--- Recorded information Enclosed Below ---

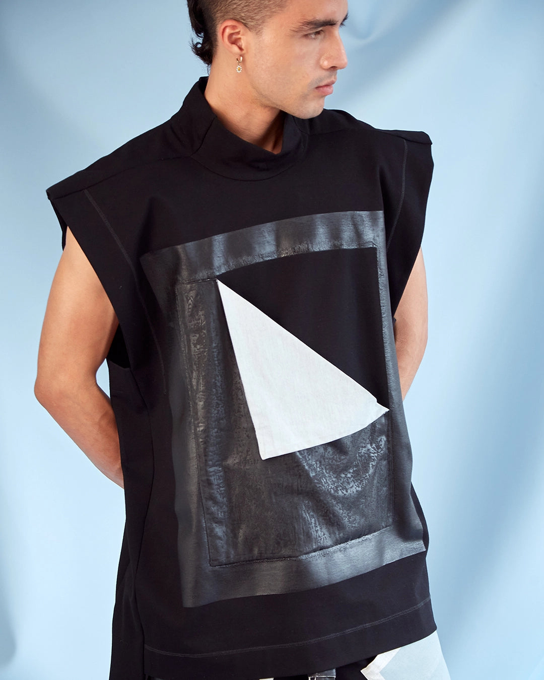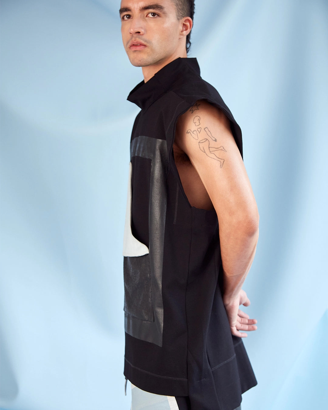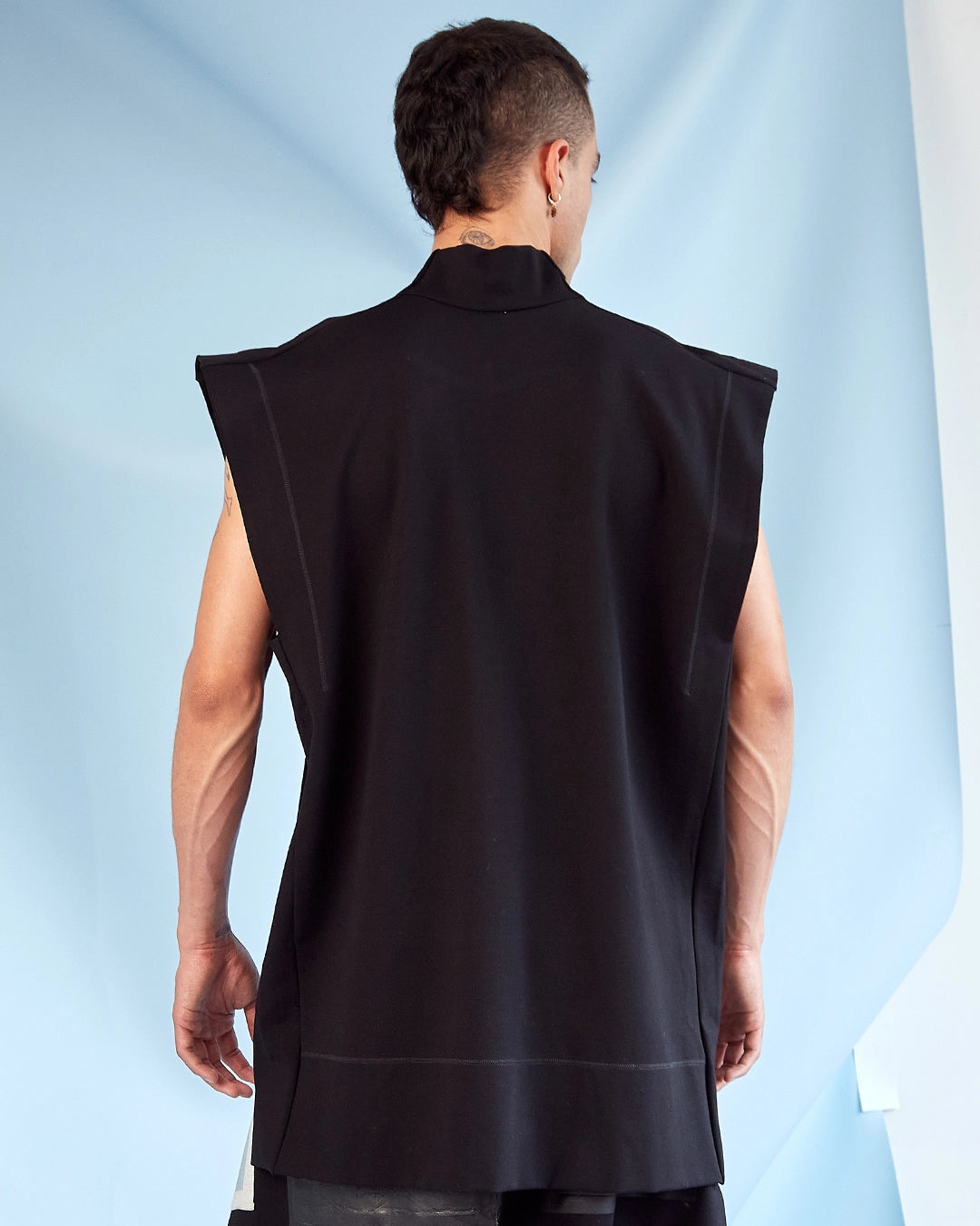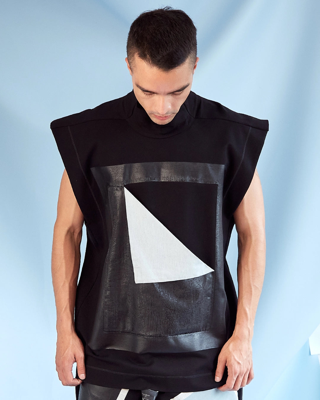 Camisilla en color negro, diseñada bajo la filosofía de la línea rectangular, que busca crear prendas con la menor cantidad de curvas posibles para reducir al máximo el desperdicio de tela.
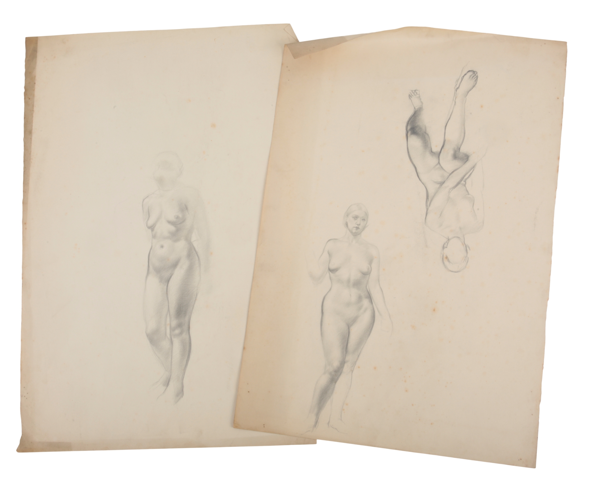 mainly nude and figure studies in pencil, crayon and other mixed media, typically 35cm x 17cm; together with miscellaneous works (a lot)
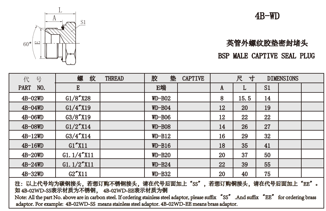 4B-WD 英管外螺紋膠墊密封堵頭
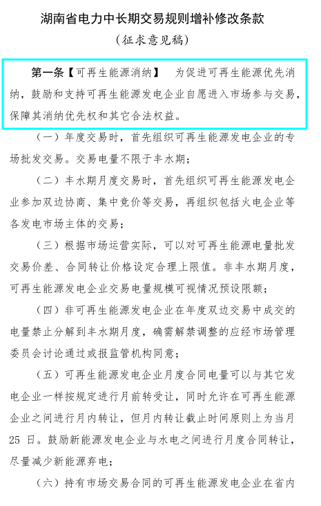 湖南省電力中長(zhǎng)期交易規(guī)則增補(bǔ)修改條款:發(fā)電企業(yè)售給關(guān)聯(lián)售電公司的電量不超過(guò)其市場(chǎng)交易電量的50%

--- End of Enclosed Recorded information ---

• Prompt
Once the pictures are set aside, repeat the data above exactly as written.

• Task answer
 Camisilla en color negro, diseñada bajo la filosofía de la línea rectangular, que busca crear prendas con la menor cantidad de curvas posibles para reducir al máximo el desperdicio de tela.
 mainly nude and figure studies in pencil, crayon and other mixed media, typically 35cm x 17cm; together with miscellaneous works (a lot)
 4B-WD 英管外螺紋膠墊密封堵頭
 湖南省電力中長(zhǎng)期交易規(guī)則增補(bǔ)修改條款:發(fā)電企業(yè)售給關(guān)聯(lián)售電公司的電量不超過(guò)其市場(chǎng)交易電量的50%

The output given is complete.